The family stories reflected in the Obama-Biden team were so powerful that McCain needed someone with an admirable family tale, which Palin has. She fishes, her husband dog-sleds, they kill caribou -- surely that is enough for voters, McCain seems to be saying.

And somewhere in there is a total misreading of Hillary Clinton supporters. Will they now turn to him because of her, purely on gender, not caring about her conservative platform? Don’t make me laugh.

What she may help to do is distract female voters from a growing anger about McCain’s documented treatment and chauvinistic attitudes about their sex. In his thinking could she be the anti-heiress anti-debutante counterpoint to Cindy McCain? It is hard to see him offering his running mate as a candidate for Miss Buffalo Chip. Though, come to think of it, she is a former Miss Wasilla. (Women are important in McCain’s life. One pays for his career, the other was chosen to share his defeat.)

Conservative New York Times columnist David Brooks suggested that the Democrats were so strong at their convention, so organized and persuasive, that what McCain had to do was move toward the middle with even a one-time Democrat, such as Joe Lieberman, or another pro-choice VP candidate such as Tom Ridge. But McCain was clearly not ready – or able -- to stuff choice down the throat of silver-spoon conservatives. So his concept of going the other way will be veering right – and then overplaying Palin’s motherhood and anti-abortion reputation.

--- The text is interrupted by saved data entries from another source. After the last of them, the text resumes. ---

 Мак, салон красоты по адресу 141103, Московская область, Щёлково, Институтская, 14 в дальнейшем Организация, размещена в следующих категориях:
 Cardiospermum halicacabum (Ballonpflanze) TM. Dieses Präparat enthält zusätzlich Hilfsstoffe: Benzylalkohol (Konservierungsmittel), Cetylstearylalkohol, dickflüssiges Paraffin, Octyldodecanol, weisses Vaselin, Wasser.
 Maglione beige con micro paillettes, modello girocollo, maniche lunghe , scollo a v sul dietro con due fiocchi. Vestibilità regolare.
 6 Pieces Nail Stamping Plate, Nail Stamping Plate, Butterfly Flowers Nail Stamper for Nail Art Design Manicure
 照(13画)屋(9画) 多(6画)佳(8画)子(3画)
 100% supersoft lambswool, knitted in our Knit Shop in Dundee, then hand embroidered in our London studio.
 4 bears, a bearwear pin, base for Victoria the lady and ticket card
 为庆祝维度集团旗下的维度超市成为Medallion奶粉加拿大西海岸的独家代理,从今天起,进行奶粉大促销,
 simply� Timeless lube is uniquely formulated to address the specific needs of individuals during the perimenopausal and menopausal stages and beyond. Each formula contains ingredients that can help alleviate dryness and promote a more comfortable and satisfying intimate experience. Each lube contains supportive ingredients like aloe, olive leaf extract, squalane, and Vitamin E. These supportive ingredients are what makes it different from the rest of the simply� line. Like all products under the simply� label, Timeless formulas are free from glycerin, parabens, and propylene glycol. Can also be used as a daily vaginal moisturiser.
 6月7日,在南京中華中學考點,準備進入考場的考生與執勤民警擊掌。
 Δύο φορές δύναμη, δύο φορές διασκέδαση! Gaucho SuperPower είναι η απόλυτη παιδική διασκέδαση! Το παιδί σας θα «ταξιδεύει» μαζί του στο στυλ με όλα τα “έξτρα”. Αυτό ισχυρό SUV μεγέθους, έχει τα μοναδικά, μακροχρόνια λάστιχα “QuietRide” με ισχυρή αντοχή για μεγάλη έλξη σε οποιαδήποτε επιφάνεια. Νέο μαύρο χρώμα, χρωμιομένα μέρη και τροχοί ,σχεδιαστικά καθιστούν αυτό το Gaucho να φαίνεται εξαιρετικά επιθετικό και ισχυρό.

McCain also needed to balance or sweeten up his surprising reliance on his time as a POW. He has been trotting out his truly heroic war record when confronted with his own series of military blunders, foreign simplicities and miscalculations.

(This is a good place to point out that over recent decades military courage hasn’t impressed American voters if they were faced with more interesting ideas or a more popular personality: Reagan over Carter, Clinton over Bush Sr. and Bob Dole.)

Now McCain’s choice of running mate gives him a break from better answers on complex questions. The media has another concern – Palin’s lack of tested credentials. The solution? Brace yourself for a round of commercials about family values.

Every 20 years or so, a candidate for president reaches into the twilight zone and pulls up a rabbit.

As Hail Mary passes go, this is in the class of Barry Goldwater’s pick of William Miller as a running mate in 1964, and, frankly, Walter Mondale’s pick of Geraldine Ferraro in 1984 when facing oblivion against Reagan. (But at least the Democrats beat the Republicans by 24 years in putting a woman on the top ballot.)

McCain may have subconsciously thought about that history in his choice of Palin – deciding to go out with his own vision of a maverick flair. Do the unexpected even when its serves no purpose but to turn someone else into a sacrificial lamb.

That’s the McCain eccentric personal history, underlining his inability to see, understand or deal with America’s deep problems.

Obama was right in his acceptance speech. McCain just doesn’t get it. And he won’t even try to.